=== Section Start ===

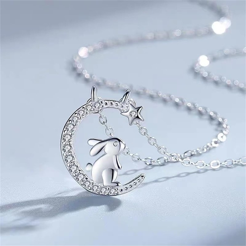 - Elegant Design: Charming crescent moon pendant adorned with a playful bunny motif and star details for a whimsical yet sophisticated look
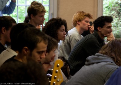 C’est un genre de cours magistral donné par des professionnels à la suite duquel s’instaure un dialogue avec les participants.  C’est une opportunité pour les élèves inscrits à l’IMEP de rencontre et échanger avec des professionnels de la musique venus des différents secteurs de l’industrie musicale. (musiciens, promoteurs, diffuseurs, artistes, instrumentistes, professeurs, programmateurs…)
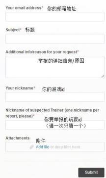 5.Nickname of suspected Trainer. (one nickname per report, please) – 你要举报的玩家id。(请一次只举报一个玩家。同时,4和5请务必不要填反。)
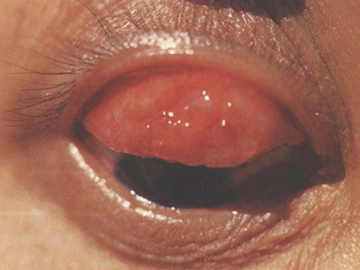 特应性角结膜炎导致患者眼皮内充血水肿,向内出现巨大肿物,眼皮发红,肿起的肉球遮挡眼球,眼皮皮肤变厚。此时需注意不要用手触碰局部,以免细菌残留,引发感染。
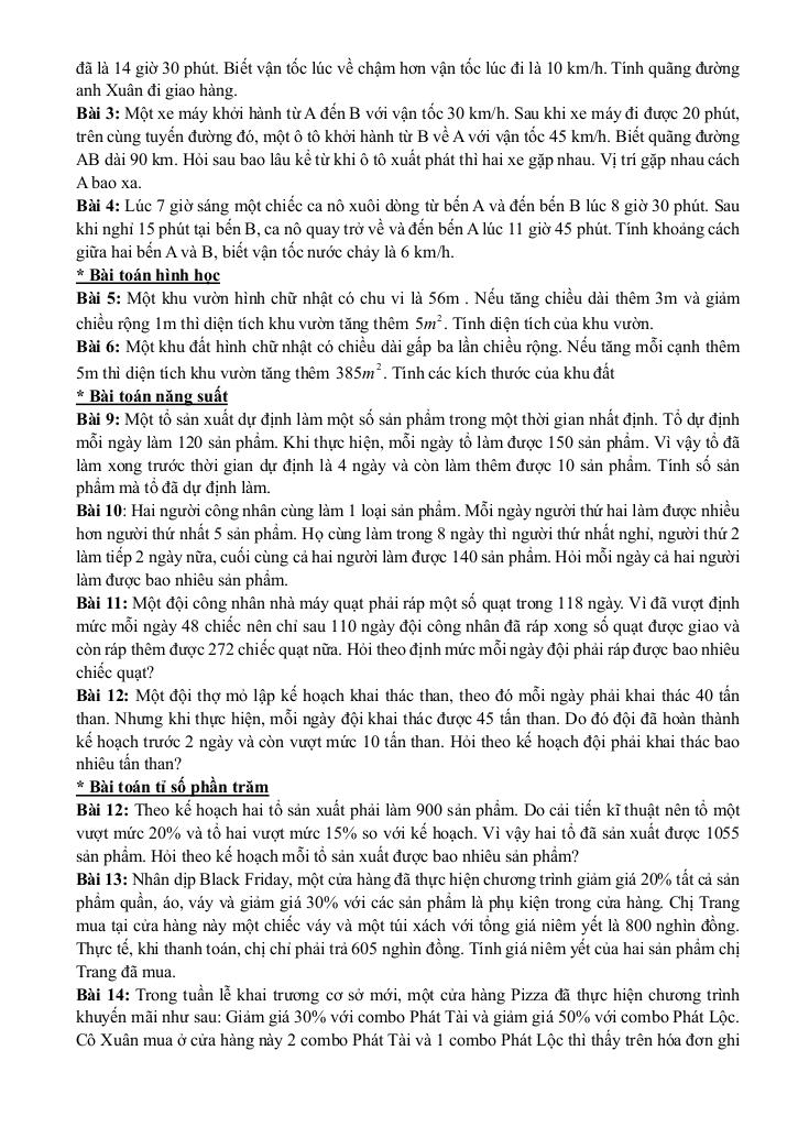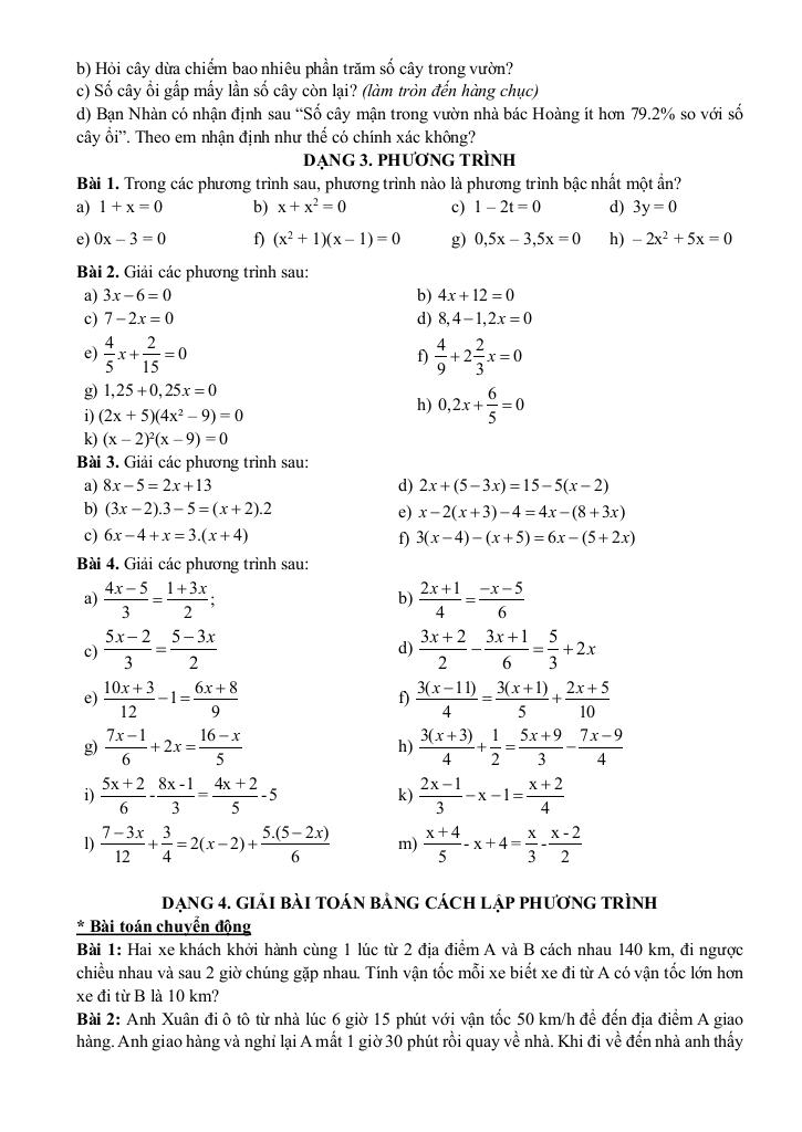 Phần Đại số: Ôn tập đến hết bài Ứng dụng của phương trình bậc nhất một ẩn.

=== Section End ===

• Exercise:
Please reproduce nothing but the lines from the one containing "5.Nickname of suspected" through the closing line of the listing, retyped word for word, pictures excluded.

• Task response:
 5.Nickname of suspected Trainer. (one nickname per report, please) – 你要举报的玩家id。(请一次只举报一个玩家。同时,4和5请务必不要填反。)
 特应性角结膜炎导致患者眼皮内充血水肿,向内出现巨大肿物,眼皮发红,肿起的肉球遮挡眼球,眼皮皮肤变厚。此时需注意不要用手触碰局部,以免细菌残留,引发感染。
 Phần Đại số: Ôn tập đến hết bài Ứng dụng của phương trình bậc nhất một ẩn.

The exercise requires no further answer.